Let’s start from conceptual measurements

Before looking at tables, we begin with a small set of measurements.

We measure the height of two plants (P1, P2) on two days (Day 1, Day 2).

1
Plant:P1 → Day:1 → Height:10
2
Plant:P1 → Day:2 → Height:12
3
Plant:P2 → Day:1 → Height:8
4
Plant:P2 → Day:2 → Height:9

Each line represents one measurement. All components are explicit, and there is no ambiguity in how the data should be interpreted. This representation serves as our ground truth. Every table we will encounter is simply a different way of encoding these same measurements, sometimes clearly, sometimes in a way that obscures their structure.

From measurements to spreadsheets

In practice, data is rarely recorded in such an explicit form. Instead, it is typically entered into spreadsheets designed for human readability. These spreadsheets aim to be easy to understand visually, but they often hide important structural information.

Before we even encounter encoded column names, many datasets already contain implicit structure that depends on layout, formatting, and context.
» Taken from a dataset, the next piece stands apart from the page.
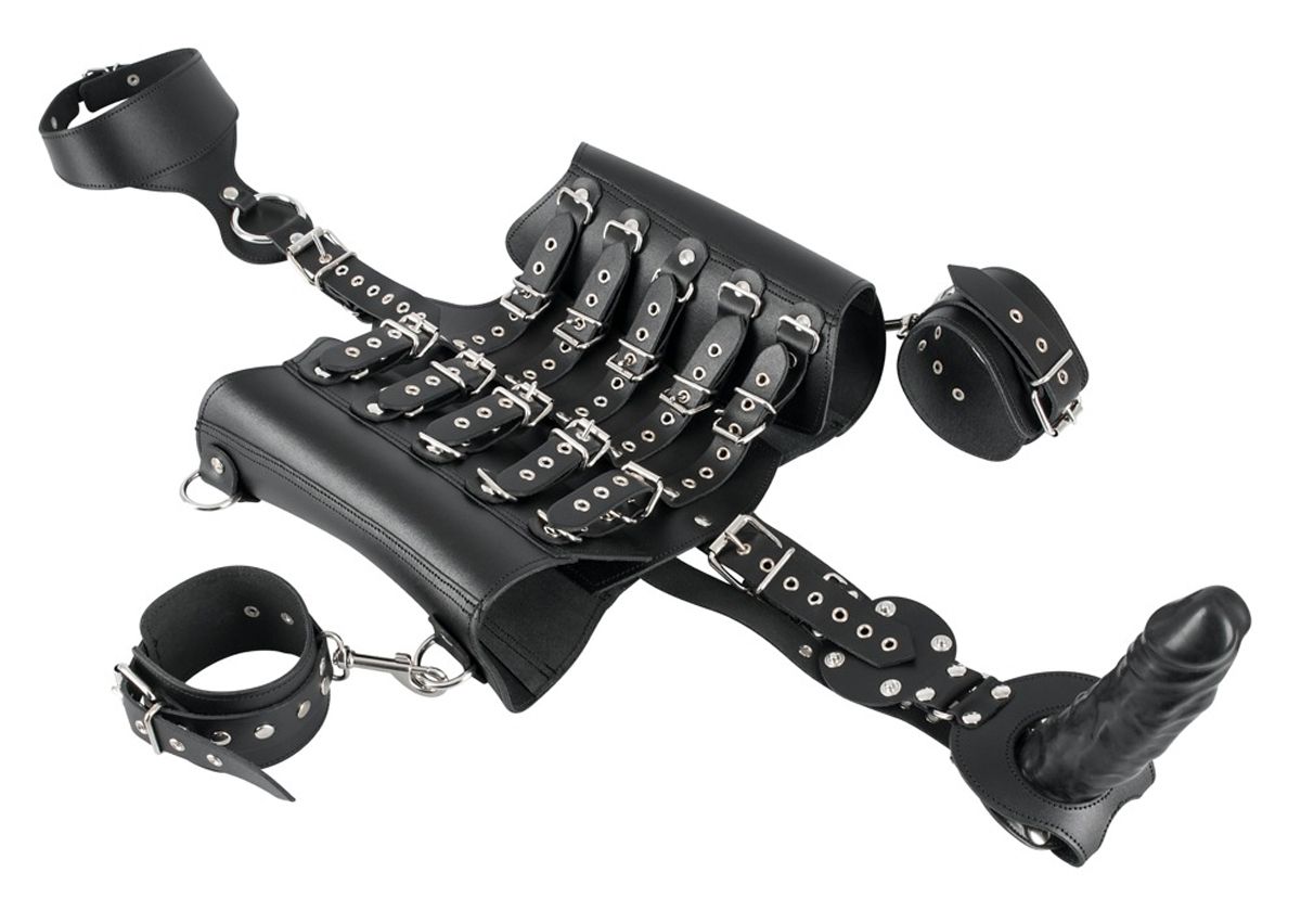 Wide waist cincher with lacing at the back. Jock strap that is attached with a buckle strap, which is one of the straps that leads to the collar. In addition there are handcuffs, which are attached by snap hooks and a latex dildo attached with press studs.

The hidden structure problem

Consider the following example of a typical spreadsheet:

	A	B	C	D
1	Experiment: Growth Study
2
3	Plant	Day 1	Day 2	Notes
4	P1	10	12	healthy
5	P2	8	9	slightly wilted
6	Mean	=AVERAGE(B4:B5)	=AVERAGE(C4:C5)

All of the original measurements are still present in this table, but their components are now distributed across different parts of the layout.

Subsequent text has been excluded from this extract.